07/05/2009
"Je voulais vivre, moi."
Après La mère horizontale où s'exprimait la fille mourante, c'est au tour d'Emma la "mauvaise mère" assumée de prendre la parole aux derniers jours de sa vie.
S'adressant à sa fille disparue,Emma déclare: "Je fouille, je brasse et je déterre les éléments pour le procès que tu ne m'as pas fait." Et d'expliquer pourquoi, prise d'une frénésie de plaisir,"mon désir dévorant de jouir hors des consignes" elle a abandonné ses premiers enfants pour se livrer aux plaisirs de la chair , en bonne baby-boomer qu'elle était.

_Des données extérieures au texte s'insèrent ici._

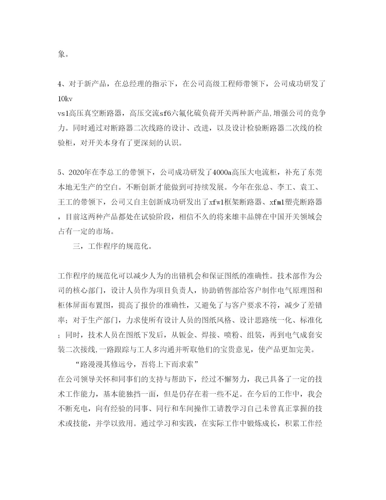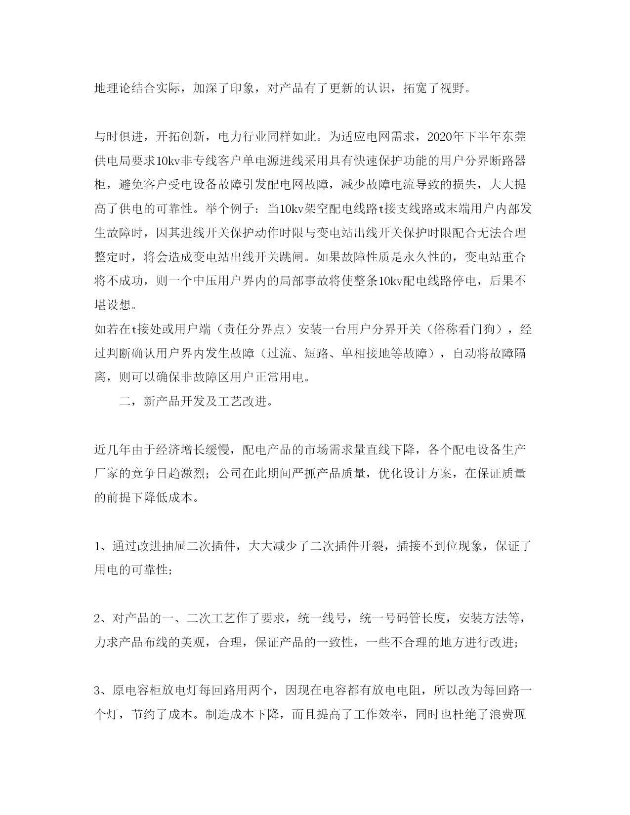 此资料由网络收集而来,如有侵权请告知上传者立即删除。资料共分享,我们负责传递知识。电气工程师专业技术工作总结时光匆匆,转眼之间已经毕业三年了。在xx公司工作也已经有二年多的时间了,由于工作的需求和提高自己的技术水平,我进入xx配电设备有限公司技术部学习和工作。在xx公司工作至今两年多,已经成长为一名合格的电气工程师。一、成长过程。刚进公司时,必须去电气车间实习。期间主要是熟悉产品,为以后的设计打基础。实习结束后,我正式进入技术部工作。刚开始时,主要负责设计小箱、pgl、ggd、一些比较标准的xgn36(15)-12等一些小订单,通常数量在几台,或者产值不超过10万的订单。这段时间跟着总工和老工程师学习,晚上培训专业技能和基础知识,然后在订单上检验学习成果。这段时间的学习和工作给我留下了深刻的印象和影响。一些比较标准的工程订单,如星三角降压启动、全压启动、自耦降压启动、电机正反转等,这些都是在学校学习过的,但当时印象不深,做了这些电动机控制的项目后,将以前的理论和实际结合在一起,能够举一反三,设计出有自己风格的控制产品。比如温度控制箱、瓦斯控制箱、路灯控制箱等等。这类产品主要遇到的问题就是元器件的布置摆放,直接影响到箱体或柜体的外型尺寸,以及电缆走向。一旦不细心,用户在安装、使用过程中就会遇到大量的问题。做这类产品时,必须要细心,多去现场和客户沟通,了解客户意图后,能设计出大概的布置图和外型图给客户确认。随着经验的增长,开始做比较大套的gck、通常数量在几十台或上百台,产值通常超过五十万元,甚至百万元。主要功能单元有:计量柜、进线柜、电容补偿柜、馈电柜、市发电转换柜、联络柜。LOCAlhOst计量柜基本每两年广东电网东莞供电局会提出新的要求,通常提出新要求的一个月内,出现问题的情况是最多的。比如以前要求315kva及以上的变压器要求装设两组电流互感器、一个有功表、一个电子表,采用低压计费的方式。而现在为一组电流互感器、一个有功表,必须装10kv高压计量柜,采用高压计费方式。一旦不注意这个问题,出货到现场通不了电,通不过验收,现场改造工程量很大,而且会给公司带来负面影响。gck常用的馈电单元为抽屉柜,是国内较为先进的一种柜型。通常需要注意的是负载中是否有“非消防必保负荷”,这样的负荷在火灾时必须要停电,防止事故扩大。通常在塑壳断路器加装一个dc24v的消防分励线圈来实现跳闸。很多人理解为“不是—消防类必须保护的负荷”,导致跳闸线圈加错了位置,把一些消防类的负载跳掉了,如消防风机、消防水泵等,实际上消防类负荷的不能停电的。一旦火灾时,会导致火灾更严重。应该理解为“非消防类的、必须保护的负荷”。再往后,开始做高压电缆分接箱dfw-12和高/低压预装式电站ybp(m),再到xgn15环网柜、kyn28a-12中置柜以及比较复杂的plc和变频控制柜、直流屏(gzdw)、信号屏;从简单到复杂;从小工程、小数量到大工程、多台大订单;随着设计工程的增多,经验的增长,对于各个柜型的系统原理图设计,二次控制接线图的设计,包括各种非标电机、风机、消防控制箱,以及各种双电源、多电源三合二、五合三系统能够熟练掌握,合理运用。同时,对于各种柜体的结构特点十分熟悉。曾负责过东莞百事威房地产(雍雅山庄)、东莞市委党校、长安华南电子厂、东莞理工学院城市学院、阿克苏诺贝尔涂料(东莞)有限公司、东莞国丰粮油中心电房、东莞生态园办公大楼、茶山美丽湾畔花园住宅区、东莞职业技术学院等工程项目的设计;通过与甲方、弱电设计方的合作,对电力系统的设计、运行有了更全面的认识。这些年期间跟随总工参与了对珠江啤酒厂垂直母排终端拉弧事故分析,风岗供电公司10kv户外电缆分接箱短路故障分析,中堂沙泵厂受谐波影响的治理方案、以及东莞裕元鞋厂大电流柜的噪音处理等事件,加深了对理论知识的理解,能更好地理论结合实际,加深了印象,对产品有了更新的认识,拓宽了视野。与时俱进,开拓创新,电力行业同样如此。为适应电网需求,2020年下半年东莞供电局要求10kv非专线客户单电源进线采用具有快速保护功能的用户分界断路器柜,避免客户受电设备故障引发配电网故障,减少故障电流导致的损失,大大提高了供电的可靠性。举个例子:当10kv架空配电线路t接支线路或末端用户内部发生故障时,因其进线开关保护动作时限与变电站出线开关保护时限配合无法合理整定时,将会造成变电站出线开关跳闸。如果故障性质是永久性的,变电站重合将不成功,则一个中压用户界内的局部事故将使整条10kv配电线路停电,后果不堪设想。如若在t接处或用户端(责任分界点)安装一台用户分界开关(俗称看门狗),经过判断确认用户界内发生故障(过流、短路、单相接地等故障),自动将故障隔离,则可以确保非故障区用户正常用电。二,新产品开发及工艺改进。近几
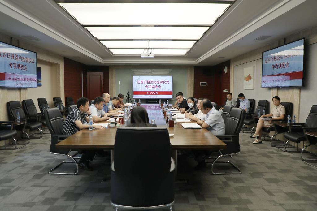 9月14日下午,我校在行政南一楼第三会议室召开江西日报社签约挂牌仪式专项调度会。校长张海涛,副校长李玮、陈辉出席会议。相关部门、单位负责人参会。
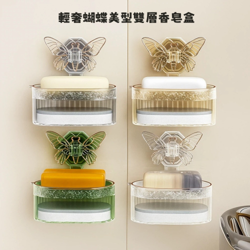 【A&R】北歐風輕奢蝴蝶美型雙層香皂盒 免打孔吸盤款 四色任選
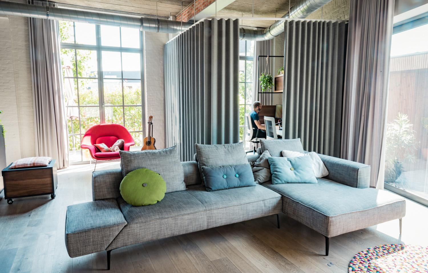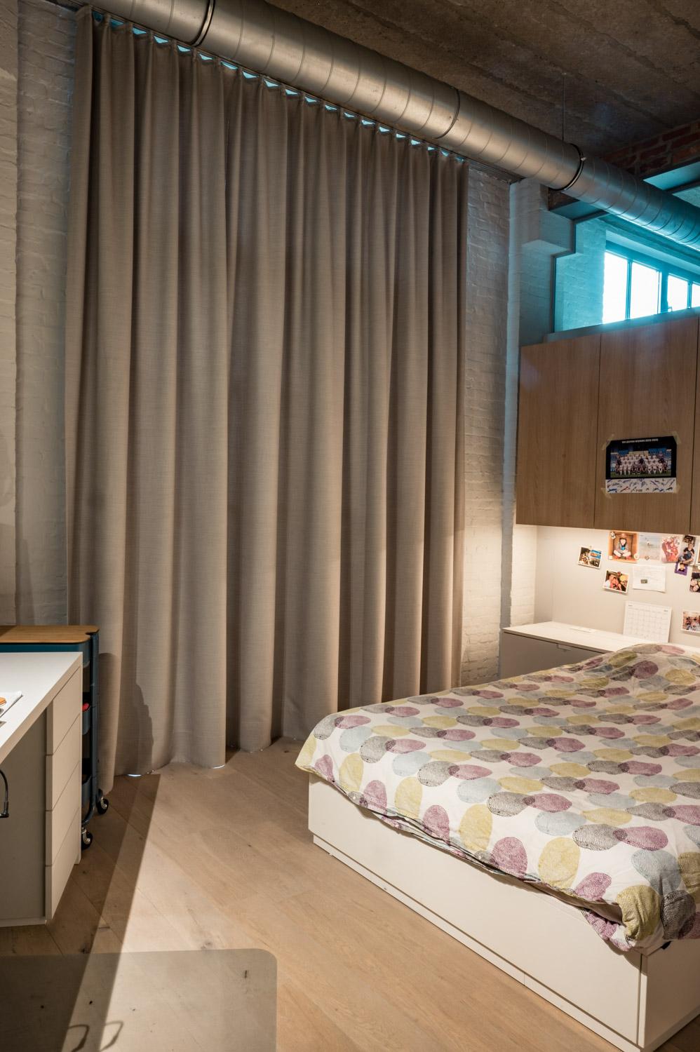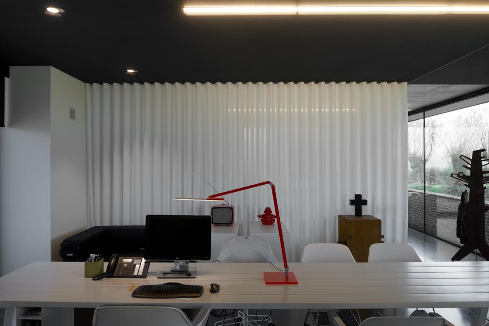 Om rustiger te kunnen werken zochten we een oplossing om de workspace af te sluiten. Een rail op pendels was nodig om het gordijn onder de bestaande technische structuren te laten schuiven. De zware stof zorgt voor voldoende geluidsdemping.
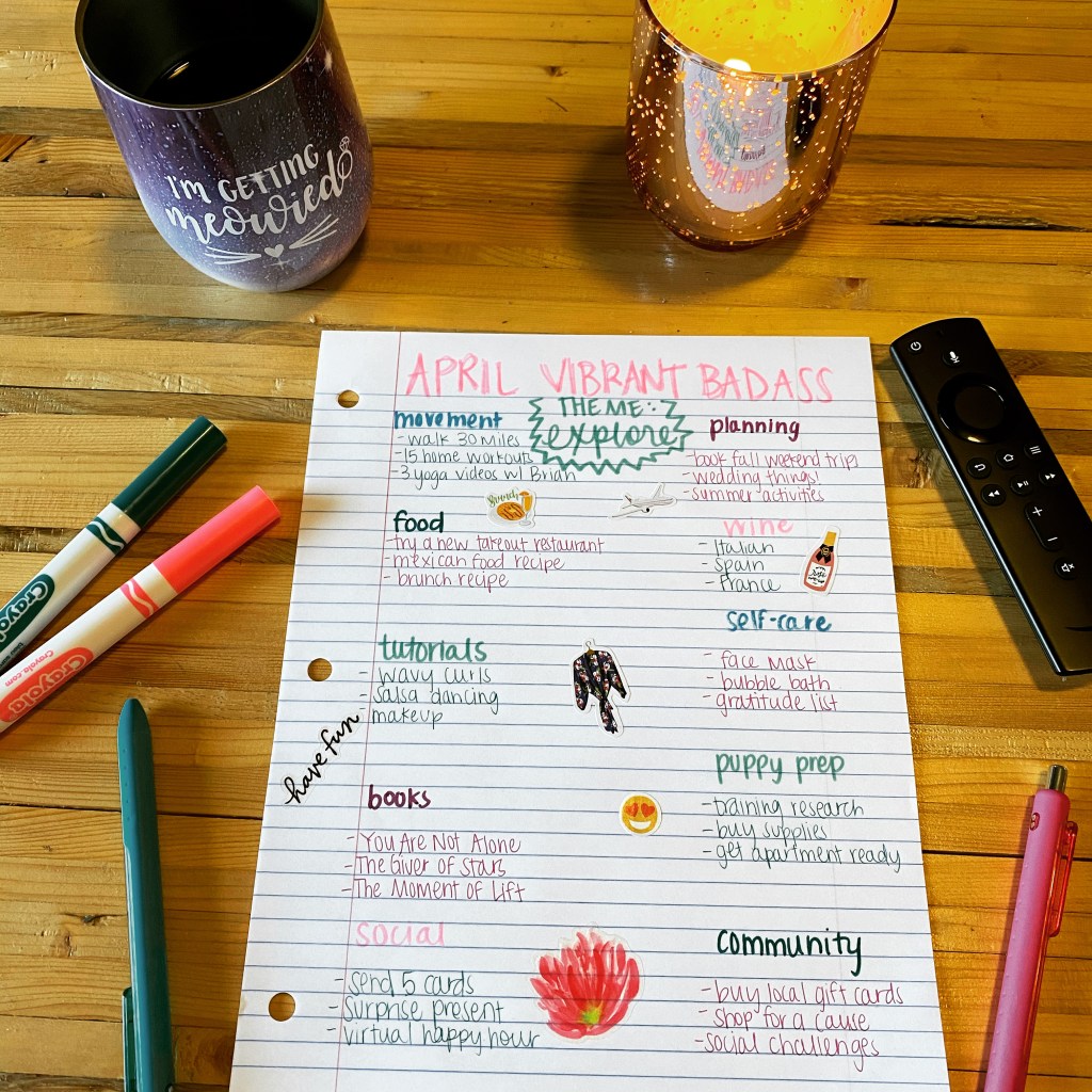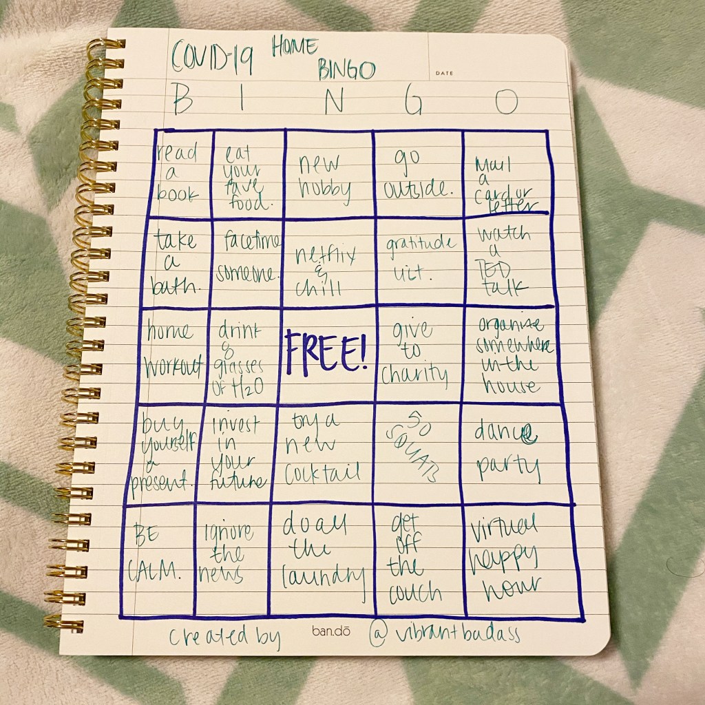 Life in Coronavirus times. I have started to make some specific Vibrant Badass lists related to being Safer At Home and Social Distancing. Who knows how long this will all last. Before being forces to stay at home, I often found myself very busy and over scheduled. One positive of this time is the expansive opportunity for self-care. It is all very unsure but I’m hoping we all come out with more compassion for others, gratitude for the things we do have and better routines for taking care of ourselves.
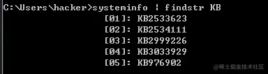 利用系统溢出漏洞进行提权的关键是通过查看系统的补丁信息来找寻缺失的、可以利用来提权的补丁进行提权
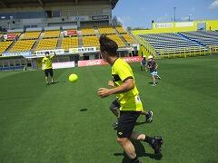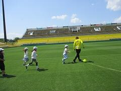 次に,プロの選手から,3年生全員でボールを奪うゲームをしました。3年生全員で選手を追いかけましたが,やはりプロです。ボールを触ることすらできませんでした。
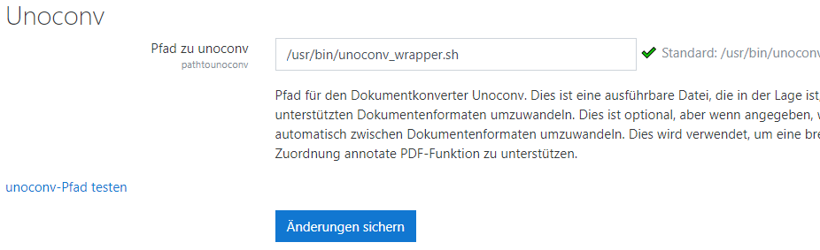 Now enable unoconv and adjust the path settings in the moodle unoconv configuration to point to the wrapper /usr/bin/unoconv_wrapper.sh
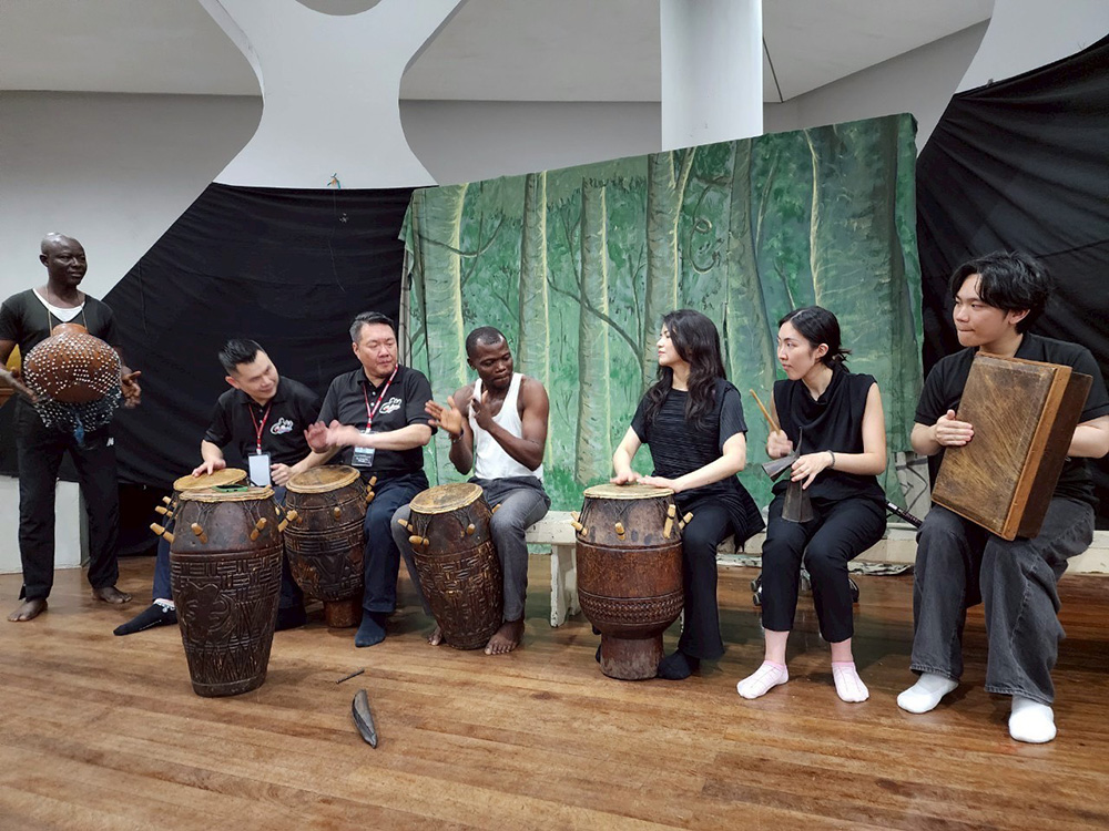 这趟旅程中,他们参与3场深刻且充满温度的交流活动。第一场便是在迦纳国家剧院。当地的管弦乐团并不演奏古典曲目,而是以原创作品为主,并融入充满特色的非洲鼓乐。朱团在准备交流讲座时,也思考「什么最能代表我们」。他们带去了具有东方色彩与金属音响的乐器,在当地多为皮革鼓类的情况下,最容易携带、又能彰显文化差异的,正是朱团的传统锣鼓。
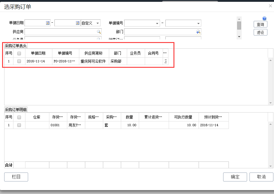 3、查询勾选需要生成进货单的采购订单,点击确定;
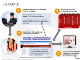 This document discusses the importance of protecting sensitive data and minimizing exposure. It defines sensitive data as information that must be safeguarded from unauthorized access, such as passwords, addresses, social security numbers, and credit card information. The document outlines laws and regulations that govern sensitive data protection and explains how data is often exposed through security flaws, intrusions, phishing, or social engineering. It recommends encrypting sensitive data, restricting access to authorized individuals only, and learning from past security incidents to strengthen protections.
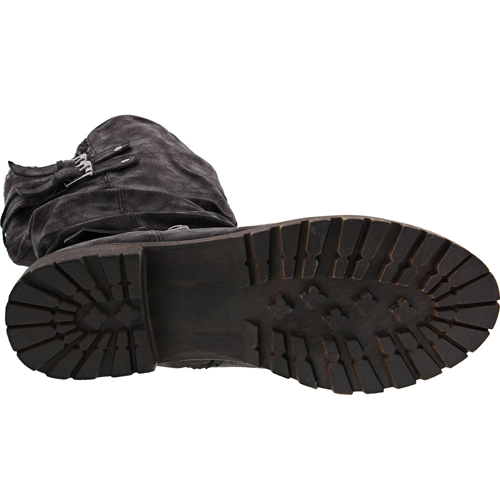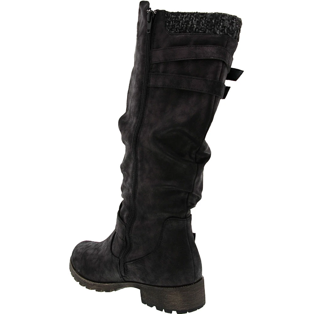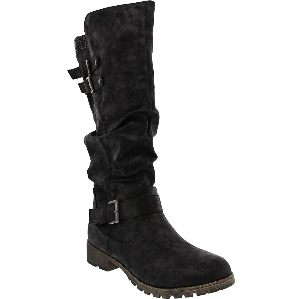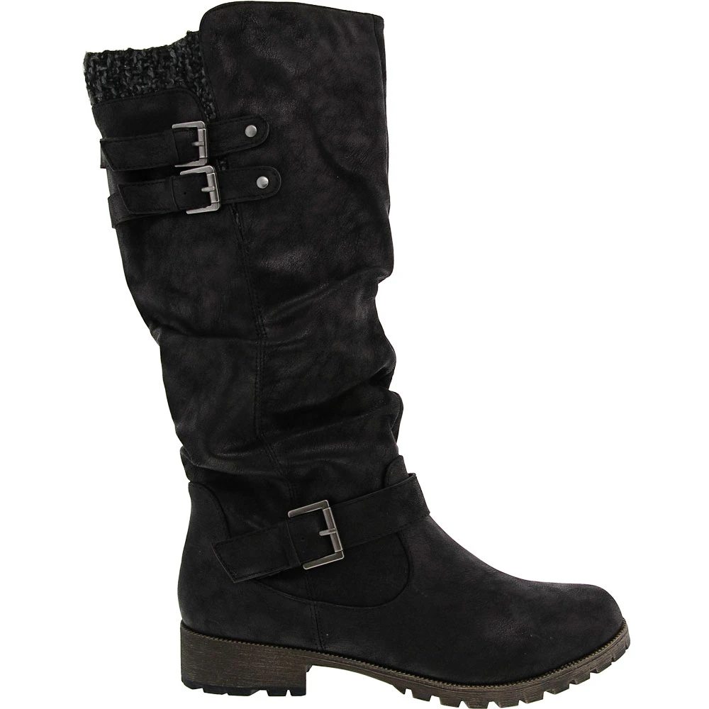 Jellypop Creed Tall Dress Boots – Womens. Make a statement and keep feet comfortable wearing these womens tall dress boots. Chic, trendy and designed for all-day wear, they complement casual and dressier ensembles. These over-the-calf boots have a faux leather upper that is adorned with a knit sweater collar and silver buckle details. A cushioned insole keeps feet comfortable while a durable outsole provides traction when needed. Easy to put on and take off, they have an inside zipper.

Evidemment, ce personnage ne peut que paraître antipathique de prime abord mais sa franchise sans fard finit non pas par emporter l'adhésion du lecteur mais du moins par lui inspirer un certain "respect" pour cette femme qui affirme: "En fouillant, en te racontant ce que j'exhume, je viens à ta rencontre, je te tends la main."
Et qu'on m'emporte s'exclame la mourante, qui, même battue par la maladie, fait preuve de sursauts de son énergie indomptable.
Un roman où l'on retrouve avec plaisir l'écriture à la fois fine et puissante de Carole Zalberg.
Et qu'on m'emporte, Carole Zalberg, Albin Michel, 131 pages frémissantes.
Le blog de l'auteure
06:05 Publié dans romans français | Lien permanent | Commentaires (6) | Tags : carole zalberg, et qu'on m'emporte, famille de femmes
06/05/2009
Ya un zazou au Paraguay !
Transplantez un zazou de 1946, sorte de Candide accompagnant un philosophe en mission dans une communauté vivant à la manière de Kant et vous obtiendrez un décalage tout à la fois détonant et plein d'humour !
Utilisant le personnage de Jean-Baptiste Botul,philosophe qui n'a laissé aucun écrit, pour résoudre le problème qui se pose à ces habitants hors du monde et du temps : "to fuck or not to fuck" pour rester dans la ligne kantienne, Paul Vacca réussit avec verve et jovialité un roman où la philosophie devient un aimable mode de vie, pas du tout indigeste.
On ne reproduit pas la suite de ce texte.